From Vishalandhra to Telangana


Dr S Saraswathi

(Former, Director, ICSSR, New Delhi)


“Chalo Assembly” march launched by the Telangana Joint Action Committee on 14th June is the latest battle cry in the Telangana Movement, going on for over half a century. Three days later, the Centre made a counter move by inducting two more ministers in the Union Cabinet in the hope of strengthening the “united Andhra” lobby. Uncertainty continues to nag all political parties in Andhra Pradesh. Other than witnessing agitations, the State has seen MLAs defecting and getting disqualified in keeping with their passion for or against a separate State. How long will this go on?     


While the Centre may take a call within coming weeks or months, the forthcoming Assembly elections due in the State, may help clinch matters. The present crisis is most likely to become a crucial poll issue.  Every party has to take a clear stand and inform the people about it. The leaders will also be expected to fulfil whatever they promise in this regard. For, the problem is lingering too long for even a slow moving country to test the patience of even those people unaffected by any decision on Telangana.


Moreover, the Telangana Movement has seen many promises – nay, broken promises - and all forms of direct people’s action - peaceful and violent. Perhaps, it is one dominant issue on which everyone in Andhra Pradesh may have an opinion of his own whether he is aware of  the politics and economics of dividing a State or not.

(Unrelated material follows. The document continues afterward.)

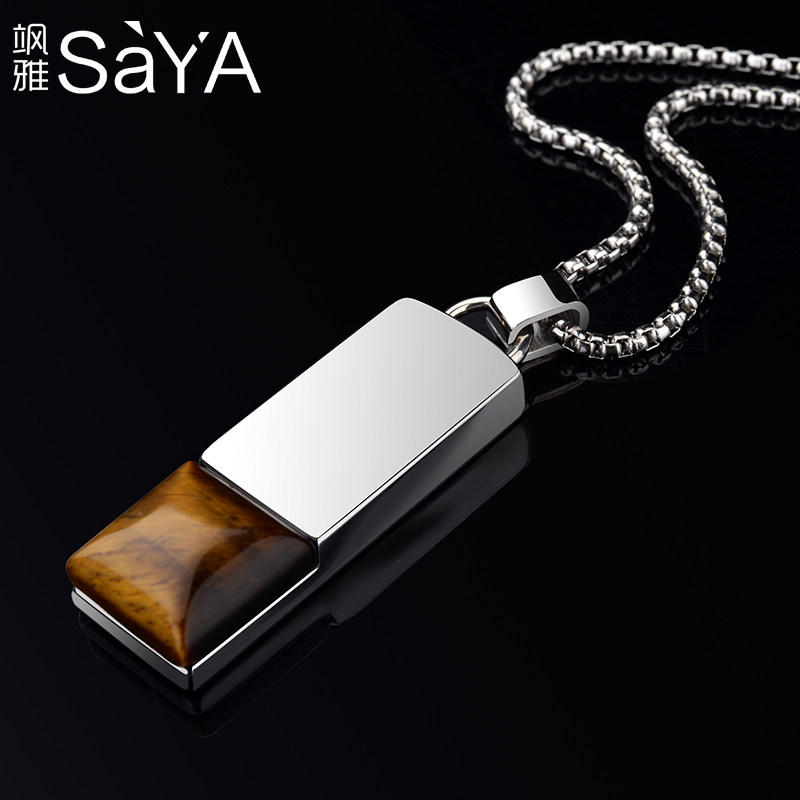 飒雅男士项链吊链吊坠韩版个性男潮虎睛石钨金饰品大项坠简约挂坠

The history of linguistic States in India gives a special space for Andhra Pradesh which may be considered the original root of this banyan tree. The very notion of linguistic States grew from Tamil-Telugu competition in the old multilingual Madras Presidency of pre-independence era.


The Freedom Movement with which Swadeshi sentiments were interlinked stimulated a passion for Indian languages. It was also a way of expressing resentment to import of foreign goods.


It was in 1920, the Indian National Congress, at the Nagpur session adopted the principle of redistribution of provinces on linguistic basis. It was endorsed by the Nehru Committee in 1928. Thereafter, the Congress stuck to this principle and reiterated it many times in its annual party sessions. This is an unalterable historical fact.


This linguistic principle was applied by the Congress in its own organization by establishing a separate Pradesh Congress Committee for Telugu-speaking districts of the Madras Presidency.


Political climate following Partition in 1947 suddenly altered the nation’s priority. Unity and integrity of the nation was in jeopardy as free India faced unprecedented communal riots and complicated issues in the accession of Princely States within India.


However, under pressure from the linguistic lobby, the Linguistic Provinces Commission known as Dar Commission was appointed in June 1948 to examine the question of linguistic provinces. This Commission ruled out any redistribution of provinces in the then prevailing political conditions in the country. Specifically, the Commission considered it unwise to demarcate provincial boundaries on linguistic basis overriding historical, geographic, economic, and cultural factors.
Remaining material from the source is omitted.